Wenn dieser Punkt erreicht ist, muss ein Match sofort abgebrochen werden, denn sonst droht ein Kollaps. Um es nicht so weit kommen zu lassen, ist Flüssigkeit wieder das A und O.

Die Disziplin in Sachen Trinkverhalten bei einem Match in so großer Hitze ist enorm wichtig, um den Körper nicht zu gefährden.

Wie sieht die Regeneration nach solch einem heißen Match aus? Kommt dann auch die berühmte "Eistonne" zum Einsatz?

Ja, die gibt es, um den Körper schnell abzukühlen und ihn in die Regenerationsphase zu bringen. Wir haben aber auch eine ganze Reihe an anderen kühlenden Varianten.

Bei den Australian Open gibt es zum Beispiel Kühlkammern, in denen man sitzt oder steht und die Körpertemperatur ganz schnell wieder herunterkühlt.

Man geht in die Kühlung, um nach einer intensiven Belastung schneller in die Regeneration zu kommen und so die Leistungsfähigkeit länger erhalten zu können.

Ist es denn in ihren Augen überhaupt verantwortbar, dass bei solchen Temperaturen Hochleistungssport betrieben wird?
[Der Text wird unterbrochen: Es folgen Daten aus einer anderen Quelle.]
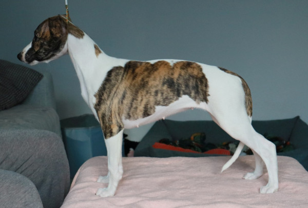 26.7.2025 Klubová výstava Whippet klubu Bordovice - třída dorostu: Velmi nadějný 1, Nejlepší dorost klubové výstavy/ very promising 1, Best Puppy in Club Show (3 psi) - judge A.Kochan PL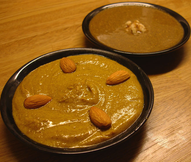 - يحمى الفرن على حرارة متوسطة، ندهن صينية بالزيت ونصب الخليط فيها.

Ich würde bei einer solchen Hitze niemanden zum Sport hinausschicken. Im Profisport gelten aber andere Gesetze - Stichwort "Kommerz".

Aus gesundheitlicher Sicht wäre es besser, bei diesen Temperaturen nicht zu spielen oder wenigstens Zeiten auszusuchen, in denen die Gefahr durch die Hitze nicht ganz so groß ist. Also am frühen Morgen oder später am Abend zu spielen. Lassen sich die vier bis sechs Stunden um die Mittagszeit nicht vermeiden, dann sollten die Plätze wenigstens ausreichend beschattet werden.

Aber an sich ist es unverantwortlich, junge Spieler bei so extremen Temperaturen ein Match bestreiten zu lassen. Man sieht ja auch, wie oft solche Spiele abgebrochen werden müssen, weil es einfach nicht mehr geht und der Körper an seine Grenzen kommt.

Prof. Dr. Ingo Froböse (*1957) ist Professor für Rehabilitation und Prävention im Sport an der Deutschen Sporthochschule Köln. Dort leitet er unter anderem das "Zentrum für Gesundheit". Er ist Sachverständiger des Bundestages in Fragen der Prävention, Mitglied der Bundesvereinigung Prävention und Gesundheitsförderung e.V. sowie wissenschaftlicher Berater zahlreicher Krankenkassen und Versicherungsträger.